The Bruegel think tank published, on Monday 27 February, a paper suggesting several ways for the EU to respond to the US Inflation Reduction Act (IRA). For Bruegel, the EU should not replicate the IRA model, which does not comply with World Trade Organization (WTO) rules.
The EU should refrain from setting local content requirements (LCRs) in its funding programmes, according to the think tank. It explains that this could in particular harm the interests of European exporters, as international partners could respond with similar measures.
Along the same lines, it could attack the LCRs that exist in the IRA at the WTO. This would “send a clear political signal that the EU continues to invest in the WTO rules-based system”, say the seven authors of the paper.
Bruegel also warns against loosening State aid rules, which could fragment the Internal Market.
Instead, it recommends that the EU adopt rules that promote the internal market and transition and use public procurement to stimulate green production. “By introducing clean technology requirements in public procurement, the EU could prioritise the deployment of clean technologies produced according to European standards, without the need for a local content requirement”, the report’s authors say.
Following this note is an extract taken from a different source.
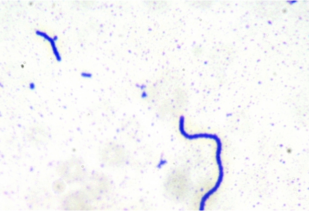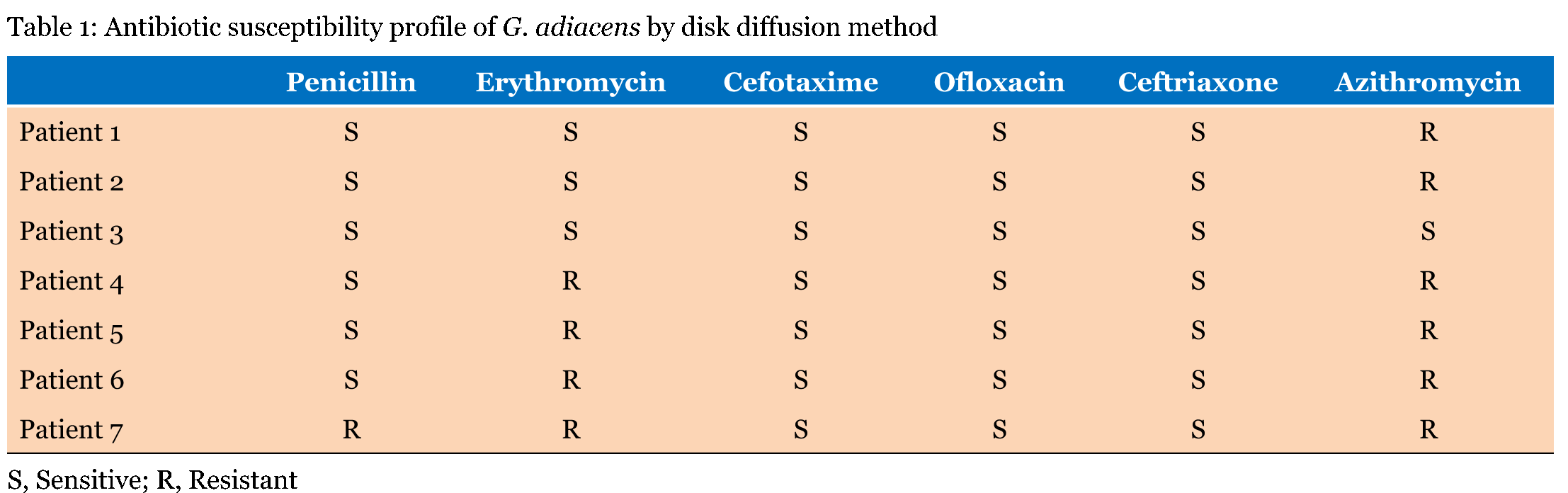 Microbiology records of sterile body fluid cultures done on automated blood culture systems-BACTEC 9240 (BD, Gurgaon, India) and BacT/ALERT (Biomerieux, New Delhi, India) from July 2011 to June 2012 were reviewed to look for isolation of Granulicatella. Laboratory work-up included subjecting centrifuged deposit from an aliquot from the bottle which flagged positive to gram stain to reveal gram-positive cocci in chains (Figure 1), then sub-cultured on 5% sheep blood agar (SBA) incubated in CO2 incubator and MacConkey agar in ambient air. After 48 hours of incubation, small colonies of alpha hemolytic streptococci were seen on SBA (Figure 2). The results of biochemical test done for preliminary identification were-catalase negative, oxidase negative, bile aesculin negative, no growth in 6.5% NaCl, optochin resistant, vancomycin sensitive and bile solubility test were negative [6]. Two of the strains were positive for satellitism around Staphylococcus aureus . Identification was by VITEK Compact 2 (Biomerieux clinical diagnostics, France, headquarters: New Delhi, India) with 99% probability. Pyrrolidonyl arylamidase (PYR), leucine amino peptidase (LAP) and β-glucosidase were positive and both a and β galactosidase tests were negative. The strains were not sequenced. For susceptibility testing of these isolates, Mueller-Hinton agar supplemented with 5% sheep blood was used for convenience and CLSI guidelines for Streptococcus spp. Viridans group were used for interpretation [7]. Patient 1: A one-year-old premature baby with duodenal atresia and pelvic pseudocyst was admitted with posthemorrhagic hydrocephalus with ventriculoperitoneal shunt. Shunt infection was suspected and cerebrospinal fluid sent for culture. G. adiacens, sensitive to penicillin, erythromycin, cefotaxime, ofloxacin, and resistant to azithromycin (Table 1) was grown in culture and the child was started on vancomycin for one week and rifampicin (one/sixth of 300 mg) for two weeks. Clinical condition improved and shunt was removed later. Patient 2: A two-year-old girl with nephrotic syndrome on steroids, was admitted with spiking temperatures. Two consecutive blood cultures isolated G. adiacens, sensitive to penicillin, erythromycin, cefotaxime, ofloxacin, and resistant to azithromycin. Bacteremia was confirmed and the patient was started on ceftriaxone for 10 days and repeat culture was sterile. Patient 3: A two-month-old dysmorphic male neonate with global developmental delay, a case of DPT vaccine induced encephalopathy, aspiration pneumonia, failure to thrive, presented with fever of seven days duration. Blood culture set grew pan sensitive G. adiacens, Piperacillin-tazobactam was started and on request, child was discharged against medical advice. Patient 4: A one-year-old female child was admitted with convulsions and fever. Seizure workup was not contributory and a diagnosis of simple febrile seizures was made. While on antiepileptic, blood cultures grew erythromycin and azithromycin resistant G. adiacens, she was treated with cefixime for seven days and improved. Patient 5: A 58-year-old male, a known case of chronic renal failure and multiple myeloma (on thalidomide) with joint effusion and leucopenia was admitted for pyrexia of unknown origin. Two out of six blood cultures received grew G. adiacens, erythromycin and azithromycin resistant. With the characteristic mitral valve vegetation on echo, a diagnosis of infective endocarditis was made. He was treated with IV penicillin for forty days and gentamicin for two weeks. Repeat blood cultures on follow-up were negative. Patient 6: A 43-year-old male presented with severe joint pains and fever. He was a known case of type 2 diabetes mellitus, hypertension and dyslipidemia. Dengue serology (IgM) was positive. Blood cultures grew G. adiacens, which was erythromycin and azithromycin resistant. The patient was started on ceftriaxone for seven days with platelet transfusion after which he improved. Repeat blood cultures were negative. Patient 7: A one-year-old boy with nephrotic syndrome (on steroids), presented with high-grade fever and wheeze from three days. Two blood cultures grew G. adiacens, resistant to penicillin, erythromycin and azithromycin resistant. A diagnosis of lower respiratory tract infection was made, was treated with cefotaxime for seven days and the boy improved. | ||||||

They also suggest that the focus should be on lowering electricity prices and that this should be done through renewable energy, they say. A European fund could strengthen the production capacity of renewables, in addition to existing funding. This could “guarantee a premium for 10 years for the first gigawatts produced under the scheme, and then a lower premium”. This acceleration of renewable deployment could thus reduce energy costs and further decarbonise.